» Task:
Transcribe the listing below in full, exactly, with no images.

┌─ Recorded information

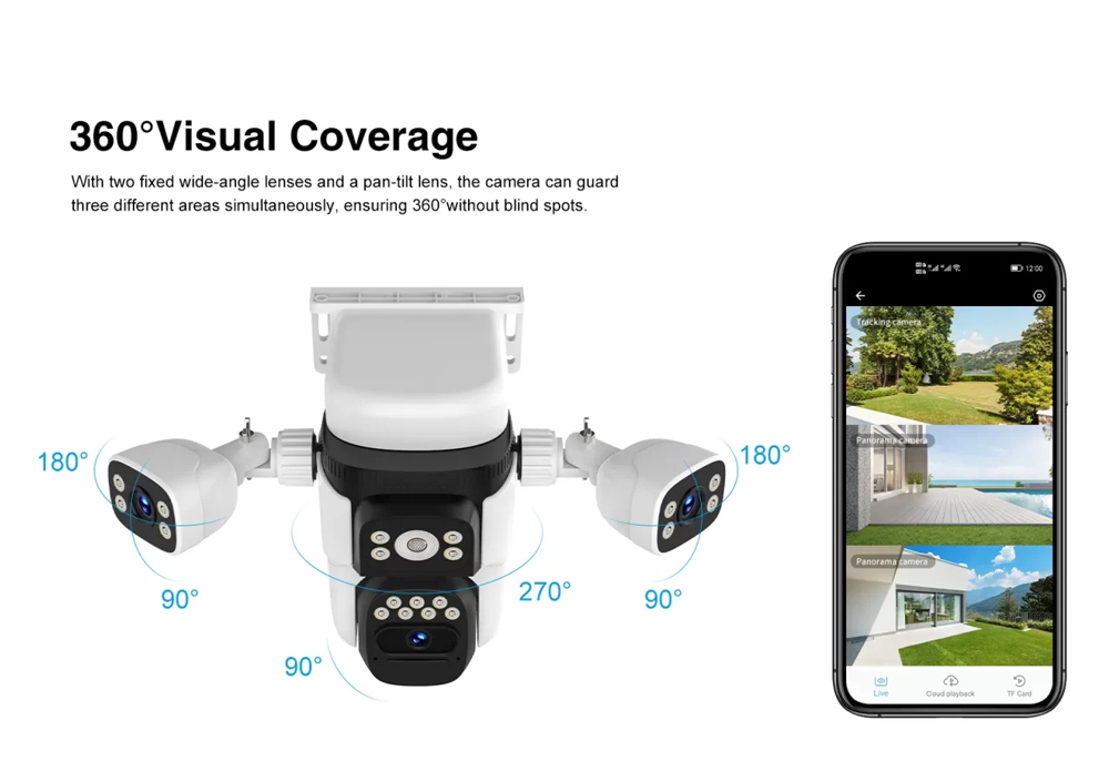 Ενσωματώνει 3 φακούς που επιτρέπουν μεγαλύτερη κάλυψη στον χώρο και υποστηρίζει PTZ λειτουργία που σας επιτρέπει την οριζόντια και κάθετη μετακίνηση της κάμερας μέσω της εφαρμογής.
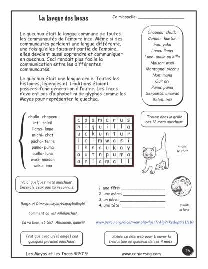 Les Mayas et les Incas (4e/5e) – La langue des Incas
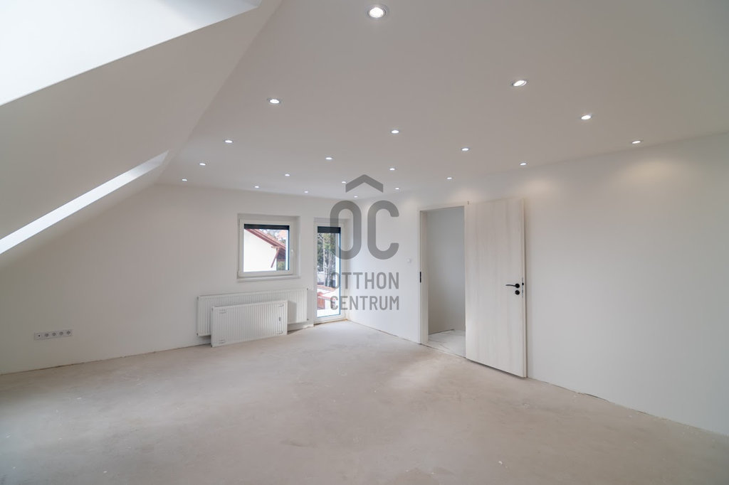 Az ingatlan 4 szobával, tágas nappalival, ablakos szuterén szinttel és két autó számára is kényelmes garázzsal rendelkezik. Az utca átmenő forgalomtól mentes, így a környék az almáskerti építkezések ellenére is nyugodt, kiegyensúlyozott lakókörnyezetet biztosít.
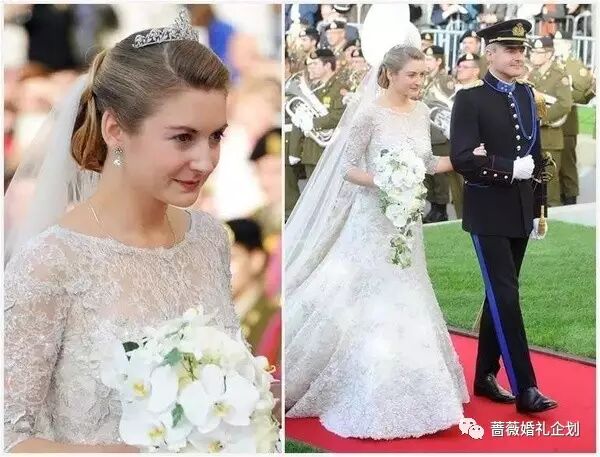 ●卢森堡王妃Stephanie de Lannoy嫁入王室时,一袭Elie Saab端庄典雅大气

└─

» Answer for this exercise:
 Ενσωματώνει 3 φακούς που επιτρέπουν μεγαλύτερη κάλυψη στον χώρο και υποστηρίζει PTZ λειτουργία που σας επιτρέπει την οριζόντια και κάθετη μετακίνηση της κάμερας μέσω της εφαρμογής.
 Les Mayas et les Incas (4e/5e) – La langue des Incas
 Az ingatlan 4 szobával, tágas nappalival, ablakos szuterén szinttel és két autó számára is kényelmes garázzsal rendelkezik. Az utca átmenő forgalomtól mentes, így a környék az almáskerti építkezések ellenére is nyugodt, kiegyensúlyozott lakókörnyezetet biztosít.
 ●卢森堡王妃Stephanie de Lannoy嫁入王室时,一袭Elie Saab端庄典雅大气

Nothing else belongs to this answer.